# Cold Swordtrip



## macala (Oct 4, 2007)

Sorry I couldn't post last night. I had to thaw out from the previous night and adjust my back from the rough seas. First I would like to thank TCAT and Andy for the gas saving report I received . I hope to return the favor one day. We got a late start and arrived at the Mp 255 only to see a commercial boat tied on the rig. We then went to exxon rig to get some bottom fish and we couldn't get the Snappers off our lines.:banghead After a boat load of porgies we went to Petronus and it was dead. Not even Blackfin. TCAT had reported a nice swordfish so we had high hopesand we got started around 8:00 pm. This would be my earliest set for swordfish but it wouldn't matter. Sharks, Sharks, Sharks, Sharks!!:banghead:banghead It was cold and the seas were building to solid 3-5. During the night, we would get splashed by a wave every 30 mins. We laughed the night away just as TCATs crew did. Morning arrived and it became clear that our hopes of trolling the Marlin rig, Ram Powell were not going to happen.










We bottom fished our way back and the Snappers were crazy. Our big live baits were getting eaten by medium sized Red Snappers. I even tried natural bottom areas , 300+ deep ledges and we would still find Red Snappers. We ended the trip with a mess of Porgies, triggers, bee-liners and grouper. This snowy was the star of the trip.

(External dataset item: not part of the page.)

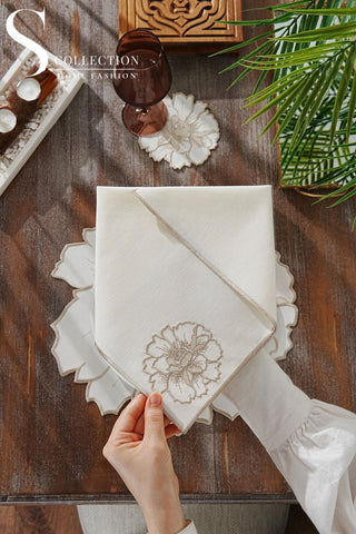 Desert Bloom Design Embroidered Placemat Set - Cappuccino Colour Waterproof Fabric - 6 Persons - 18 Pcs.
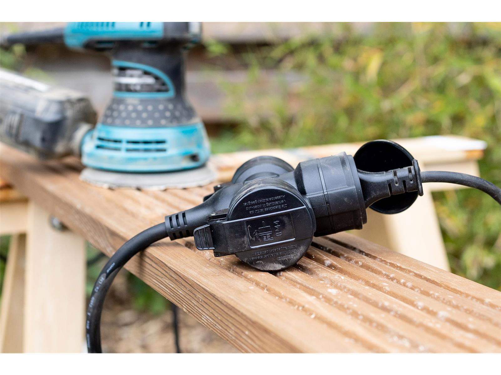 Praktische 3-Fach Schutzkontaktverlängerung für den Außenbereich.

I need a fish ID. What is this?









I guess we will have to wait until April since almost everythingwill beclosed. I also need someone to define endangered to me. I don't get it.

Jeff


----------



## Garbo (Oct 2, 2007)

Cool Report. Cool Pics too. thanks for sharing.


----------



## reelfinatical (Sep 30, 2007)

That snowy is pretty.  Cool report.


----------



## jewfish (Dec 4, 2007)

That is a Toro snapper, or "Big Eye Toro".


----------



## Xiphius (Oct 10, 2007)

Jeff, we were thinking of you guys when we gotback to the dock, the wind was starting to blow and figured it would start to get rough. Lets hook up and drift..


----------



## DAWGONIT (Jan 16, 2009)

Thanks for the report & pics; beautiful snowy!

Evan.


----------



## Chris V (Oct 18, 2007)

Thanks for the report. That fish is a Short Bigeye, similar to whats called a Toro as stated above (could be the same fish but I don't know with all the nicknames), its common name is a short bigeye.


----------



## Sniper Spear-It (Jan 16, 2008)

its a bigeye. they taste pretty good but you have to have a mess of them to fill up. fleash kinda similiar to a trigger


----------